The registration services bureau is in charge of insolvency and business rescue. This is filled with a team of different practitioners who can help you understand your business.

These, she says, can advise if a business is overly ambitious and expanding. The team will understand that it is overwhelming for you, and advise you to concentrate on a few branches to get a return on your investments.
Mr John Walugembe, executive director of the Federation of Small and Medium Enterprises, concurs that a business in distress can hire new managers because it might be an internal problem that is leading to the failure of the business.

 “You can either hire new managers or they can look for private equity investors who can come in with new management to kind of turn things around,” Walugembe says.
 In addition, looking for finances in the form of loans can help the business stay afloat. 

Changing business models
Walugembe adds that business owners can shift their current model by identifying strengths and weaknesses, adopting new strategies such as e-commerce, and offering different pricing. Businesses in distress can opt for a merger.

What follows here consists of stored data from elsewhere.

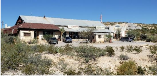
Terlingua Ghost Town, Starlight Theater is on far right
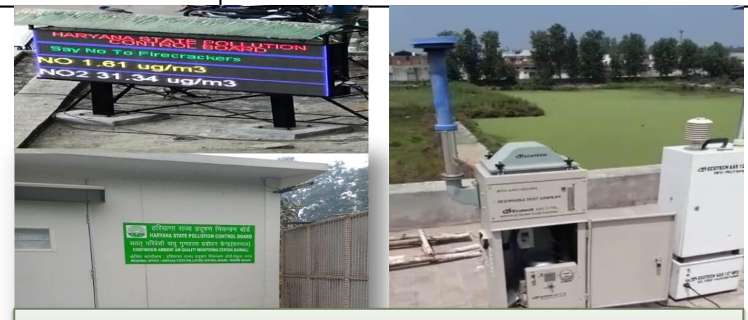
01 CAAQM Station at DC Office, Karnal &
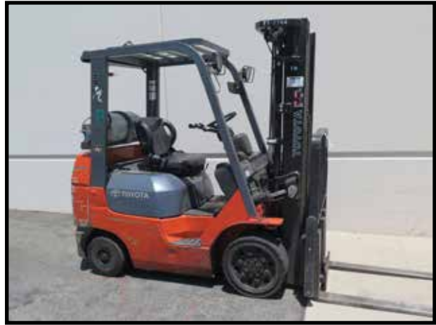
Toyota 7FGU25 4500 Lb Cap LPG Forklift
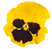
Yellow Blotch VW0613R/E
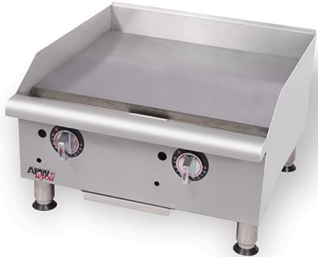
Model GGM-24i Gas Manual Griddle
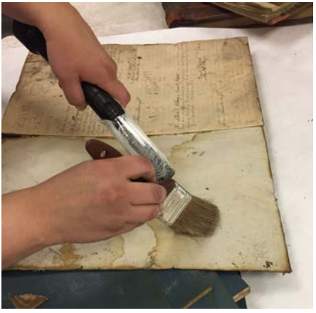
Pictured working here are the hands of Conservator, Jennifer Foltz Cruickshank.

These professionals work on site in our own conservation lab to
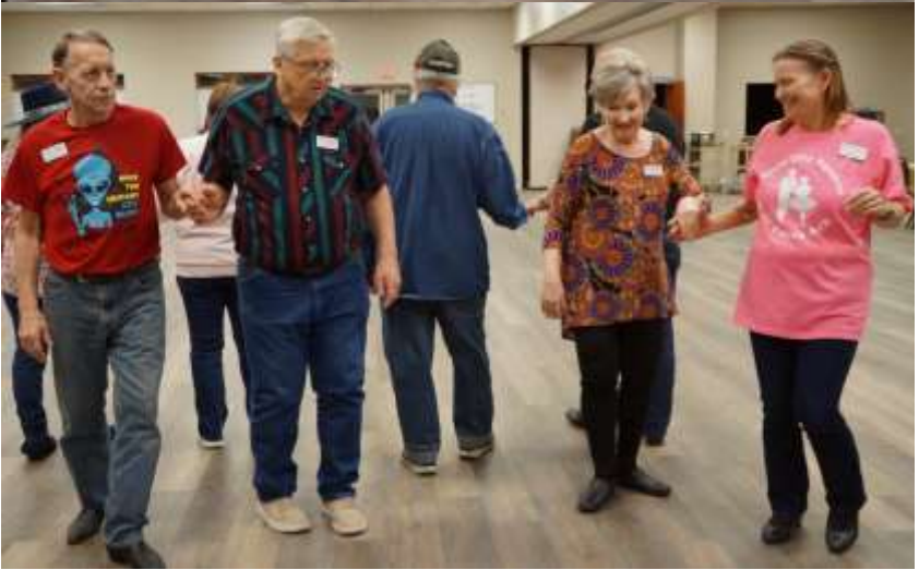
Next, several photos from the Twirling Lariats March 3 Dance.
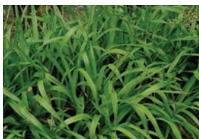
Luzula sylvatica 'Aurea'
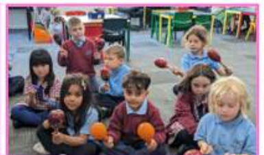
Working on our dynamics by making forte and piano sounds in Foundation and F/1
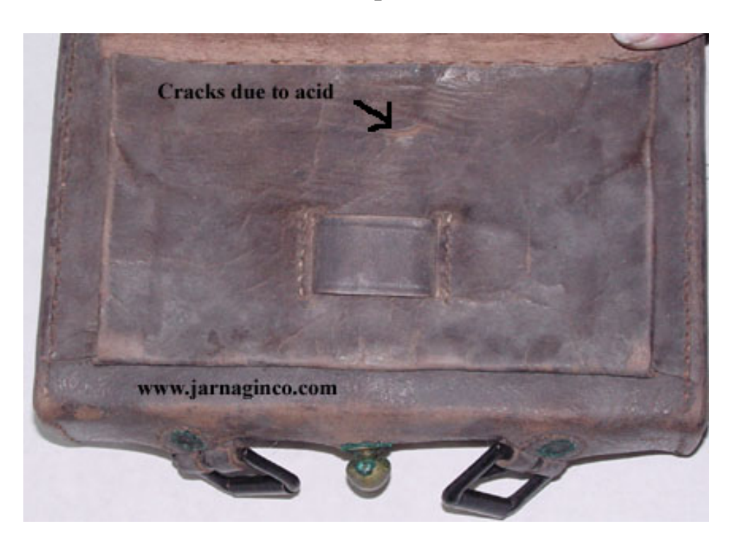
Figure 3: Hemlock tanned Watertown Arsenal cartridge box. Note cracks in leather due to acid damage.

There was another type of tanning process that should be mentioned- "Union-tanned" leather or "mixed" tannage. This method used a combination of both hemlock and oak bark as a tanning agent. The tanners of the time believed mixing hemlock and oak barks would produce leather of better quality than either bark by itself. Ratios of hemlock and oak barks would vary but leather produced in this manner apparently still had fading problems inherent with hemlock and were thus not acceptable to the Federal government. 8. In December 1863, 546 cartridge boxes manufactured by contractor James Boyd were rejected as being made of mixed tanned leather. Boyd wrote to George D Ramsay, Chief of Ordnance in an attempt to get the cartridge boxes accepted anyway by arguing the difficulties of maintaining a supply of oak tannage.
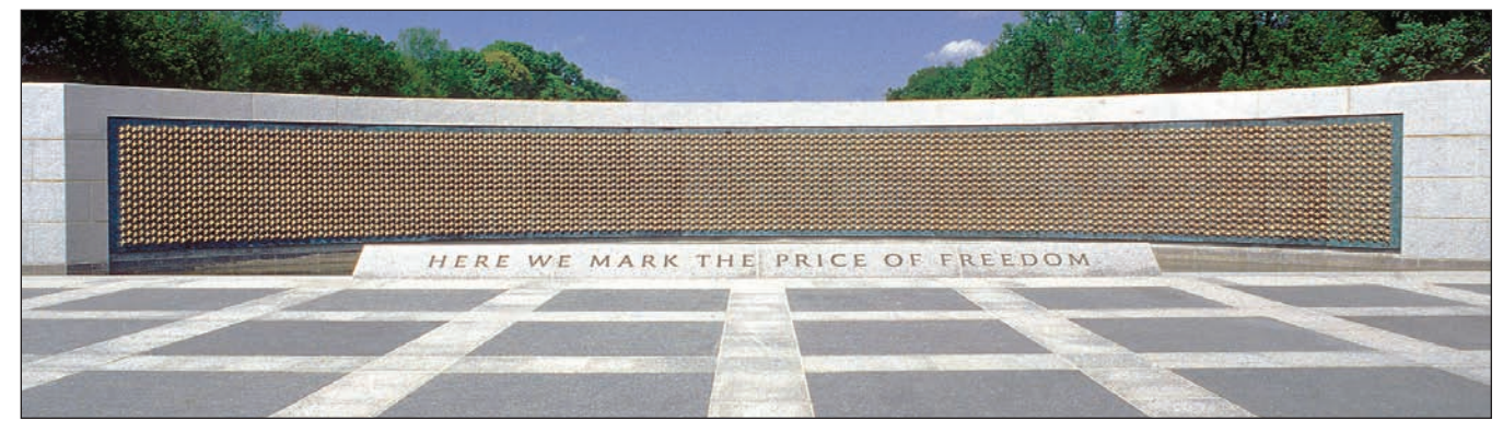
The Freedom Wall's low stone coping is carved with the words, "Here we mark the price of freedom." The wall has 4048 sculpted, gold-plated, stainless steel stars mounted on 23 bronze panels. Each star represents 100 American deaths during the war.

electrophoretic finish for wear resistance. After completion of plating, each star was tested using X-ray fluorescence to confirm the gold plating's thickness.
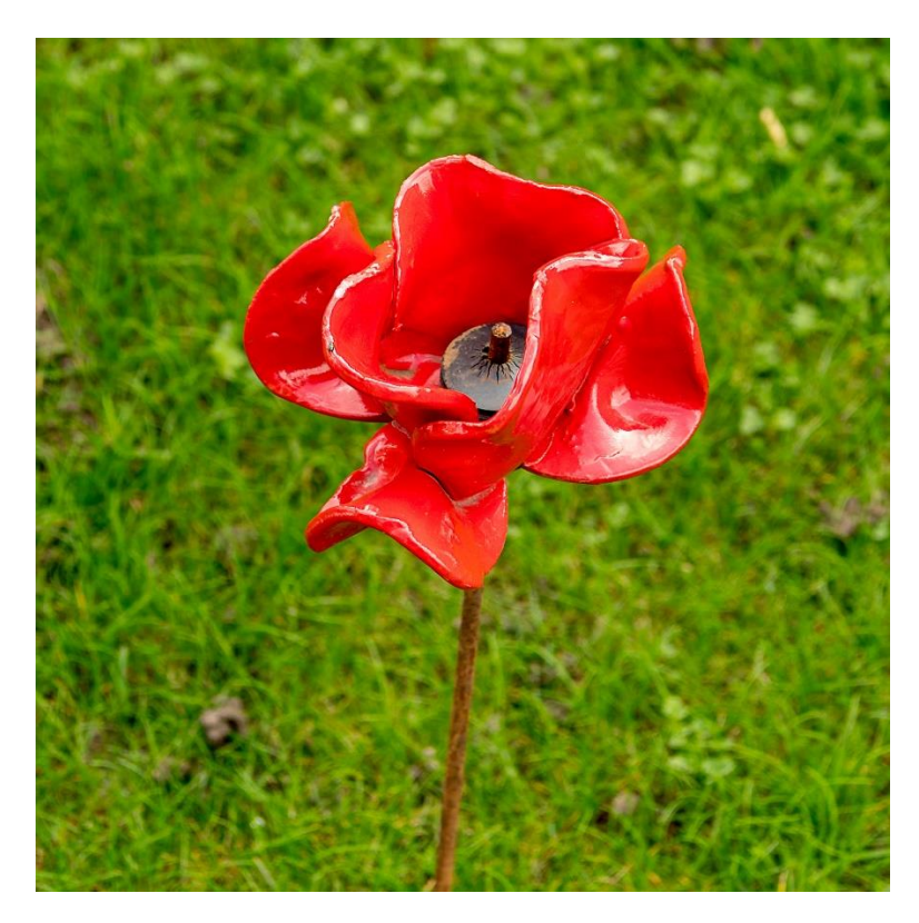
A Single Life remembered
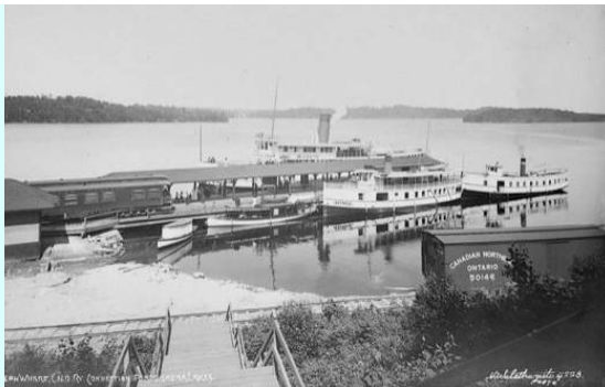
Canadian Northern Ontario docks at Lake St. Joseph
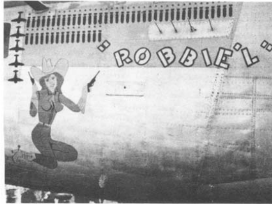
Kill markings after the April 30th battle.
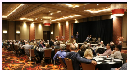
Ballroom at KS Star Event Center

Rotarians and guests enjoyed a delightful and informative evening at the Kansas Star Event Center, including presentations by facility representatives and tours of the Event Center, Hampton Inn & Suites and the Equestrian Center. This was a first time visit for many and several attendees ended the evening at the casino.

“Merging with a competitor offers cost-effective growth, increased market share, and competitive advantages, making it a viable alternative to shutting down a business,” he notes.

Winding up a business  
Winding up is the process of dissolving a business by selling off its assets and satisfying the creditors from the proceeds of the sale. A company may wind up for different reasons amongst which are insolvency, upon satisfaction of its objects under the Memorandum, but whatever the reasons, legal procedures need to be undertaken to minimise the risk to your personal assets, estate, and credit. 

The Insolvency Act and Regulations provide corporate bodies that have declared insolvency with mechanisms aimed at rescuing the business from its inability to pay its debts. Some of these mechanisms are aimed at enabling the company pay its debts to continue being operational, while others are aimed at enabling the company to pay its debts so that it can safely be shut down or de-registered.